Cat Deck the Halls: A Joe Grey Mystery
Shirley Rousseau Murphy. Morrow, $16.95 (352p) ISBN 978-0-06-112395-5

Just in time for Christmas, Murphy brings in feline sleuth Joe Grey to celebrate the season and try to rescue a frightened child in her 14th mystery set in Molena Point, Calif. (after Cat Pay the Devil). Joe's tortoiseshell pal, Kit, discovers and reports a child clinging to a dead man under a Christmas tree. By the time the police arrive the body has disappeared (disposed of by the killer), as has the little girl (hidden by the cats). As Joe and company try to solve the mystery and keep the girl safe, intruders—perhaps linked to each other and the murder—break into Kit's house and a noted artist's studio at the Home for Orphan Children. Murphy's fans will be happy to curl up under a blanket as they savor the finely crafted suspense set against the backdrop of holiday feasts and festivities and the crashing waves of the Pacific. (Dec.)

SPQR XI: Under Vesuvius
John Maddox Roberts. St. Martin's Minotaur/Dunne, $23.95 (224p) ISBN 978-0-312-37088-6

The brisk 11th Decius Metellus Roman historical (after 2006's SPQR X: A Point of Law) finds tensions increasing between Julius Caesar and Pompey. Series hero Decius has been elected praetor peregrinus, traveling magistrate in charge of all cases involving foreigners. A relaxing stay in a southern Italian town near the legendary volcano Vesuvius is disrupted by the murder of Gorgo, the attractive young daughter of the local priest.
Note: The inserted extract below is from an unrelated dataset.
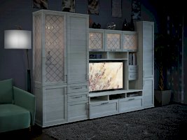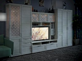 За закрытыми дверками расположены вместительные полки, два выдвижных ящика полного выдвижения, дополняют как внешний вид, так и добавляют дополнительную функциональность модулю.

Anger quickly grows against her forbidden lover, Gelon, a Numidian, but Decius's instincts tell him that another is responsible for the killing. The solution owes more to a chance discovery than reasoned deduction, and the political upheaval of the time is more distant background noise than an immediate concern for the characters. Though the details and overall impression of ancient Rome aren't at the high level of Steven Saylor, readers looking for a crafty and entertaining journey to the past won't be disappointed. (Dec.)

Cache of Corpses
Henry Kisor. Forge, $24.95 (304p) ISBN 978-0-7653-1780-3

Deputy sheriff Steve Two Crow Martinez encounters a bizarre killer in his exciting third Porcupine County, Mich., adventure (after 2006's A Venture into Murder). The discovery of a headless and handless embalmed corpse in an abandoned building leads to a demented geocaching game—using GPS receivers to find hidden trinkets or, in this case, bodies—conducted via an anonymous chat room. The gamers are led by a sociopath who resorts to murder when he can't buy cadavers to stock his caches. Martinez must solve this creepy puzzler while waging a heated campaign for sheriff, a position his elderly boss, Eli Garrow, is reluctant to relinquish. He also faces new responsibilities as he cares for his girlfriend's Objibwe Indian foster son, Tommy Standing Bear, while she's out of town. When Tommy gets lost in the woods, Steve must rely on old-fashioned methods to find him—and again to catch the killer. Kisor delivers an educational chiller that also serves as a cautionary reminder about overreliance on fallible technology. (Dec.)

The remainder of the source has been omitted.